Высунув языки и сопя от напряжения, те принялись переписывать.

За экзаменационный стол они уселись точно в назначенное время. Когда объявили тему, Теймурхан с Вениамином украдкой радостно переглянулись — неизвестный друг не подвел. Спрятанные под майкой листки приятно холодили тело. Дежурный разнес бланки для сочинений. У обоих перевернулось в глазах — бланки оказались другого цвета. Минут тридцать незадачливые абитуриенты не могли прийти в себя. Вскоре Вениамин дрожащей рукой полез за пазуху и медленно, миллиметр за миллиметром, стал вытаскивать готовое сочинение. Он рассчитывал списать. Теймурхан не сделал даже такой попытки, ибо знал, что это ему не по плечу. Он сидел бледный, с отвисшей нижней челюстью и бессмысленно смотрел перед собой. Вениамину удалось подложить свои бумаги под выданные бланки. И он осторожно, высовывая краешек заготовленного сочинения, принялся списывать. Дело продвигалось с большим трудом, так как между рядами постоянно ходили дежурные. Особенно трудно было переворачивать листки. Приходилось не только прикрываться локтем, но и громко дышать, а то и кашлять, чтобы заглушить шум. Когда большая часть сочинения была списана и Вениамин обрел в себе уверенность, на бумаги легла чья-то сильная ладонь. Он поднял голову и увидел мужчину в рубашке кофейного цвета с погончиками и молодую женщину. Мужчина извлек из-под бумаг сочинение на белом бланке и пригласил Вениамина и его приятеля за собой. Те сконфуженно последовали за ним. Женщина замыкала шествие. В кабинете декана, куда они пришли, находилось еще двое мужчин. Один из них инспектор ОБХСС Сизов, ознакомившись с изъятым у Кудрявцева сочинением, спросил его:

— Как вы объясните наличие у вас заранее подготовленного сочинения на официальном бланке института?

— Я… я… мне дала его девушка перед экзаменом.

— Какая девушка? Где она? Назовите ее фамилию.

— Не знаю. Встретились в фойе, разговорились, она сказала, что может мне помочь, и дала сочинение. Я взял — чего отказываться, раз дают.

— Вы ее чем-нибудь отблагодарили?

— Нет, ничем.

— Почему же она сделала это именно для вас?

Вениамин опустил голову. Теймурхан Саидов чувствовал себя не лучше. Руки его мелко подрагивали, на лбу появилась испарина, глаза бесцельно блуждали по кабинету. Спрятанные под рубашкой листки жгли ему грудь.

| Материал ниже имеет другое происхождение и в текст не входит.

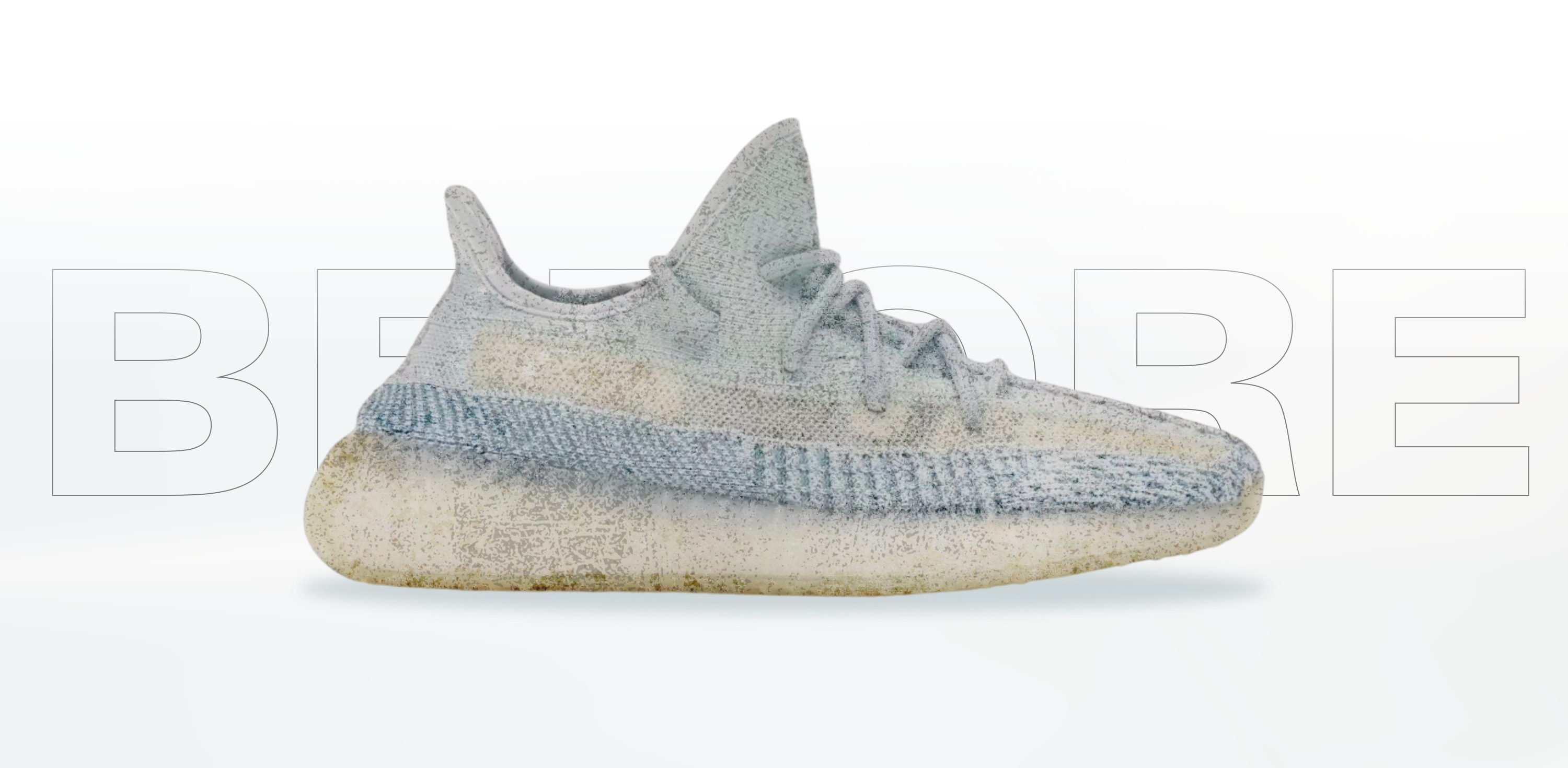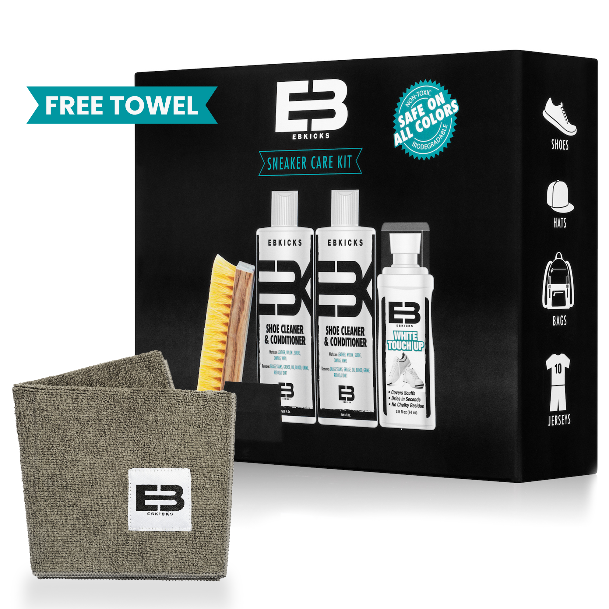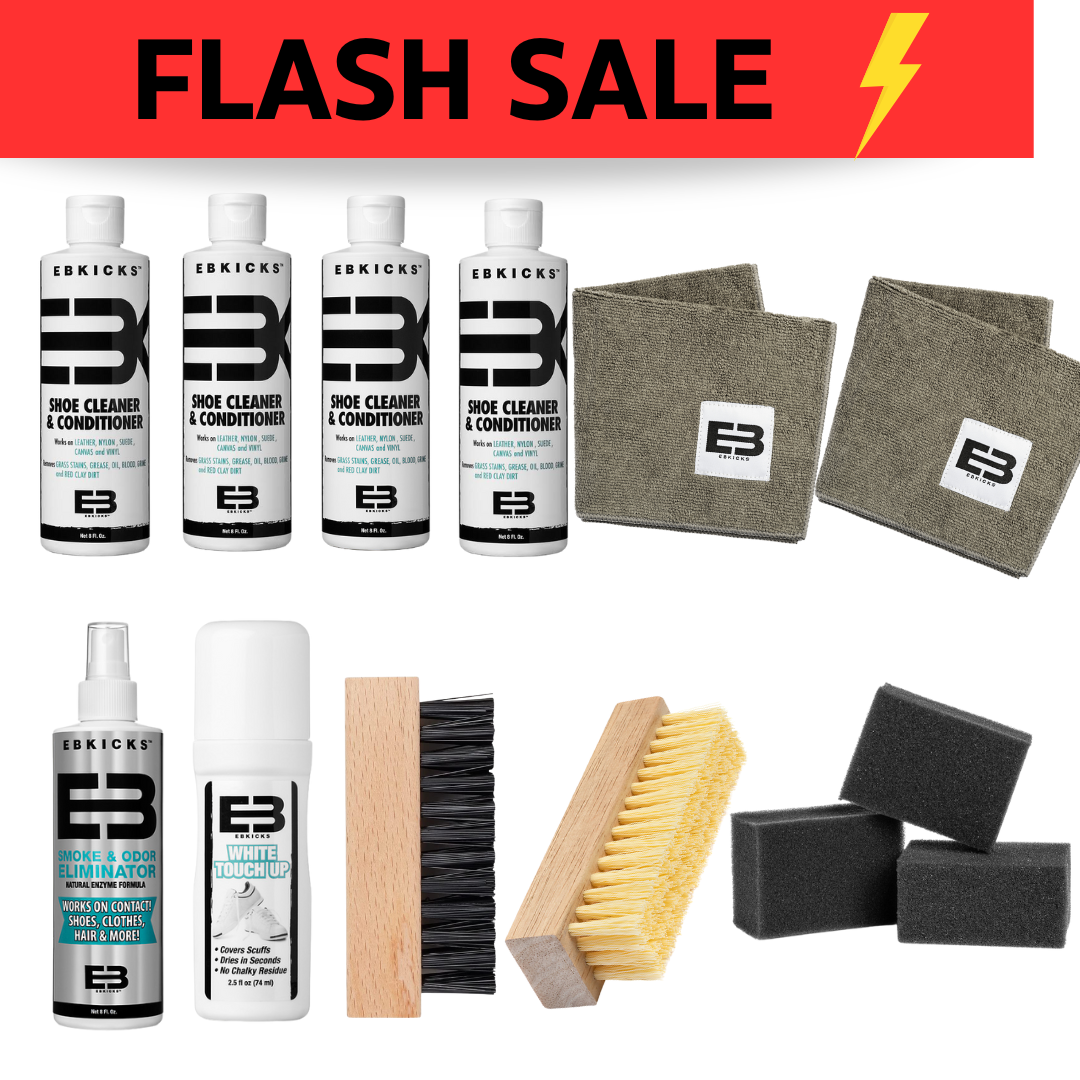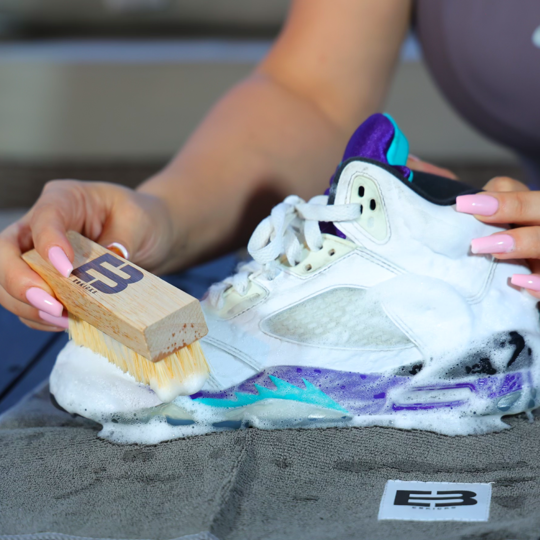 Experience the transformation! EB Kicks Shoe Cleaner restores your shoes to their original glory

— Скажите, Саидов, — обратился к нему инспектор. — Чем вы объясните, что за два с лишним экзаменационных часа не написали ни единой строчки?

Теймурхан бессмысленно смотрел на спрашивающего, не издавая ни звука.

— Хорошо, тогда скажите, нет ли и у вас заранее подготовленного сочинения?

— Н… н… — промычал тот.

— Что вы прячете под рубашкой?

Саидов прижал обе руки к груди, словно пытаясь защитить свою жизнь.

— Вот что, гражданин Саидов, — твердо произнес Сизов, — либо вы сами дадите то, что прячете под рубашкой, либо мы будем вынуждены произвести обыск. Предупреждаю: во втором случае ваша ответственность значительно возрастет.

И только после этого Теймурхан расстегнул несгибающимися пальцами пуговицы и достал из-за пазухи влажные от пота листки. Как и предполагали работники ОБХСС, это оказалось сочинение, написанное на бланке белого цвета.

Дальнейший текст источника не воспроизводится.